Guided tour on how the daily 5-day statistics work with pandas

As always first fetch the nsidc daily sea ice concentration data to our output directory.


In [ ]:
!wget -P ../output -qN ftp://sidads.colorado.edu/pub/DATASETS/NOAA/G02135/north/daily/data/NH_seaice_extent_final.csv
!wget -P ../output -qN ftp://sidads.colorado.edu/pub/DATASETS/NOAA/G02135/north/daily/data/NH_seaice_extent_nrt.csv
!wget -P ../output -qN ftp://sidads.colorado.edu/pub/DATASETS/NOAA/G02135/south/daily/data/SH_seaice_extent_final.csv
!wget -P ../output -qN ftp://sidads.colorado.edu/pub/DATASETS/NOAA/G02135/south/daily/data/SH_seaice_extent_nrt.csv

Variables to set before running:


In [ ]:
hemisphere = 'north'  # 'south' or 'north'
climatology_years = (1981, 2010)

In [ ]:
# some imports for working with pandas, and excel files.
import datetime as dt
import numpy as np

import os
import pandas as pd
from pandas import ExcelWriter

%matplotlib inline
import matplotlib as mpl
import matplotlib.pyplot as plt

pd.options.display.mpl_style = 'default'

In [ ]:
# code for reading a hemisphere of data from CSV files.

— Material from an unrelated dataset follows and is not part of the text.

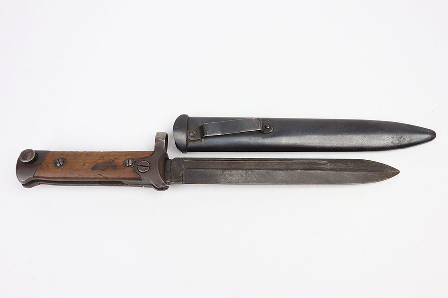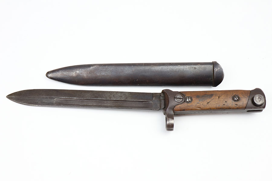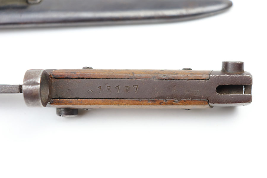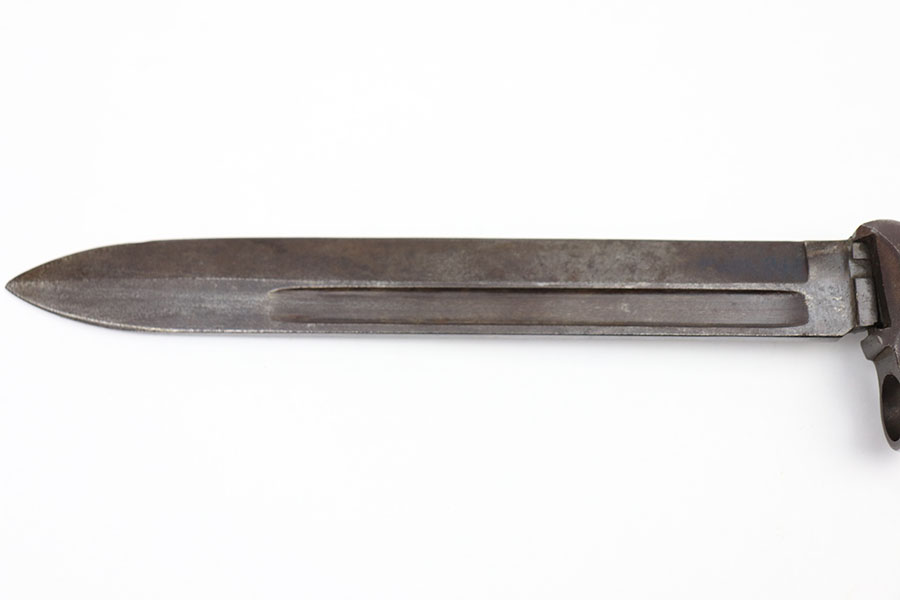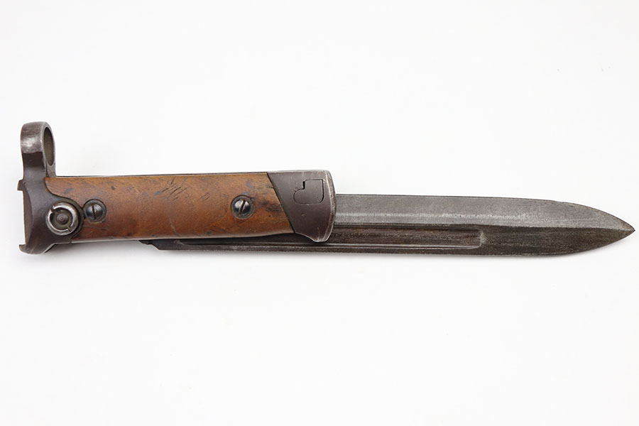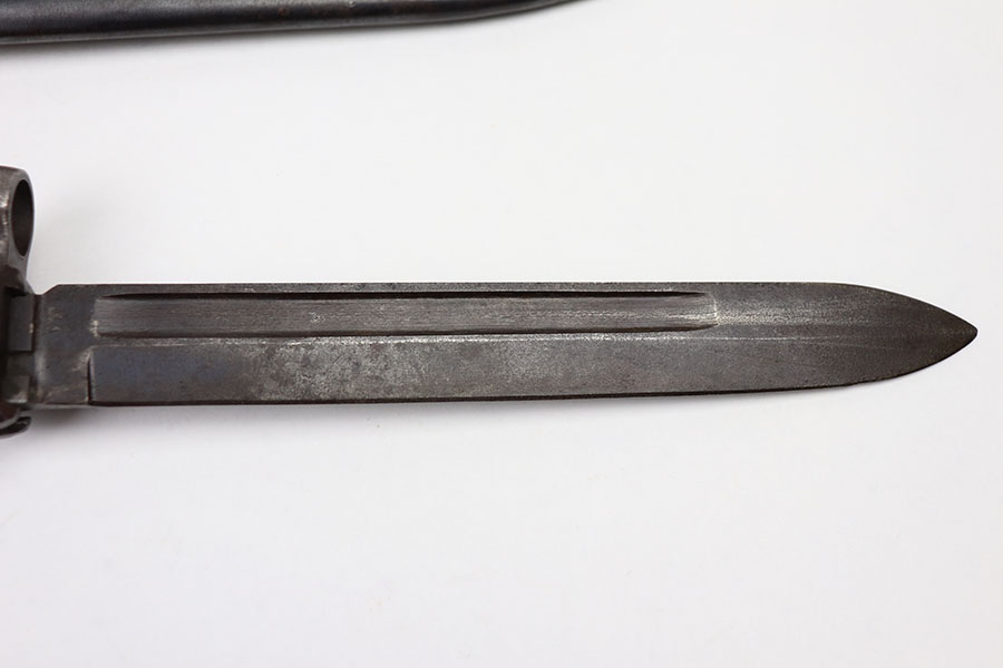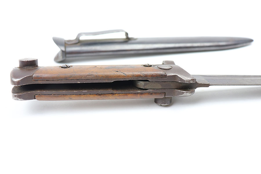 1/3/22 – This is an original WW2 era Italian Carcano folding bayonet. The bayonet folds properly without issue and smooth action. When the blade is “locked” in the extended position, the blade does have some minor “play” or jiggles slightly. Comes with an original scabbard, as shown. The blade has typical patina / mild discoloration throughout, along with some finish loss. No signs of sharpening. The handle has a few imperfections, but no major cracks or chips. The scabbard has no dents, but there is patina throughout the blued finish.

def parse_the_date(year, mm, dd):
    return dt.date(int(year), int(mm), int(dd))

def slurp_csv(filename):
    data = pd.read_csv(filename, header = None, skiprows=2,
                       names=["year", "mm", "dd", "extent", "missing", "source"],
                       parse_dates={'date':['year', 'mm', 'dd']},
                       date_parser=parse_the_date, index_col='date')
    data = data.drop(['missing', 'source'], axis=1)
    return data


def read_a_hemisphere(hemisphere):
    the_dir = "../output"
    final_prod_filename = os.path.join(the_dir, '{hemi}H_seaice_extent_final.csv'.format(hemi=hemisphere[0:1].upper()))
    nrt_prod_filename = os.path.join(the_dir, '{hemi}H_seaice_extent_nrt.csv'.format(hemi=hemisphere[0:1].upper()))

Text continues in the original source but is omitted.